SELECT domain, location, AVG(value) AS avg_value
FROM bank_data
GROUP BY domain, location
""").to_df()
mem_before = memory_usage(-1)(0)
start = time.time()
duckdb_q4()
end = time.time()
mem_after = memory_usage(-1)(0)
duckdb_results.append({
"engine": "DuckDB",
"query": "Group by domain & location",
"time": round(end - start, 4),
"memory": round(mem_after - mem_before, 4)
})
(p for p in duckdb_results if p("query") == "Group by domain & location")Here is an output.
![]()
![]()
!! Sqlite performance
Calculate the average transaction value of groups we both domain And location. Here is a code.
def sqlite_q4():
return pd.read_sql_query("""
SELECT domain, location, AVG(value) AS avg_value
FROM bank_data
GROUP BY domain, location
""", conn_sqlite)
mem_before = memory_usage(-1)(0)
start = time.time()
sqlite_q4()
end = time.time()
mem_after = memory_usage(-1)(0)
sqlite_results.append({
"engine": "SQLite",
"query": "Group by domain & location",
"time": round(end - start, 4),
"memory": round(mem_after - mem_before, 4)
})
(p for p in sqlite_results if p("query") == "Group by domain & location")Here is an output.
![]()
![]()
!! Overall performance analysis
Let’s now compare the time of execution and the use of memory. Here is a code.
import pandas as pd
import matplotlib.pyplot as plt
gdl_results = (r for r in (pandas_results + duckdb_results + sqlite_results)

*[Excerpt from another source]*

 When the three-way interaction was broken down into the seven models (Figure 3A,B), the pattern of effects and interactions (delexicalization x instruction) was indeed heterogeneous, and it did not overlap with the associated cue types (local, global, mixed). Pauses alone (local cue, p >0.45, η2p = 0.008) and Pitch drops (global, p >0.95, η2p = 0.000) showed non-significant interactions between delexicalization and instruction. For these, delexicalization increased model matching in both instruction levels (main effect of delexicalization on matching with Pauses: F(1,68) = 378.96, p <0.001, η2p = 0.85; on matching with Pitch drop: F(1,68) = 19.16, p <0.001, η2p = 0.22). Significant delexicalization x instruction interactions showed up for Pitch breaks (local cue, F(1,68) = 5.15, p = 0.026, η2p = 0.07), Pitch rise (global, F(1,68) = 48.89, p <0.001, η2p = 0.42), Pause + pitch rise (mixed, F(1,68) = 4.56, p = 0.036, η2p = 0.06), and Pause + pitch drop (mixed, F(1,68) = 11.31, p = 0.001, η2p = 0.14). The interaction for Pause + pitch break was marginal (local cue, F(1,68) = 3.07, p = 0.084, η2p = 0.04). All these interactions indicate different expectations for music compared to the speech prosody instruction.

if r("query") == "Group by domain & location")
df_gdl = pd.DataFrame(gdl_results)
fig, axes = plt.subplots(1, 2, figsize=(10, 4))

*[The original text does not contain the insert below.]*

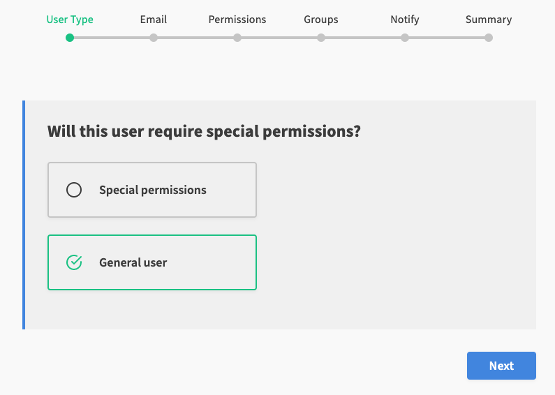 In this case, the user you add will not have special permissions. Therefore, select the 'General User' option.

df_gdl.plot(x="engine", y="time", kind="barh", ax=axes(0), legend=False,
title="Execution Time (s)")
df_gdl.plot(x="engine", y="memory", kind="barh", ax=axes(1), legend=False,
title="Memory Usage (MB)", color="salmon")
plt.tight_layout()
plt.show()Here is an output.
![]()
![]()
The Dick DB Multi -Field Group Handles the fastest with the use of moderate memory, Pandas is slowly with the use of memory, and the slowest with enough consumption of skilite memory.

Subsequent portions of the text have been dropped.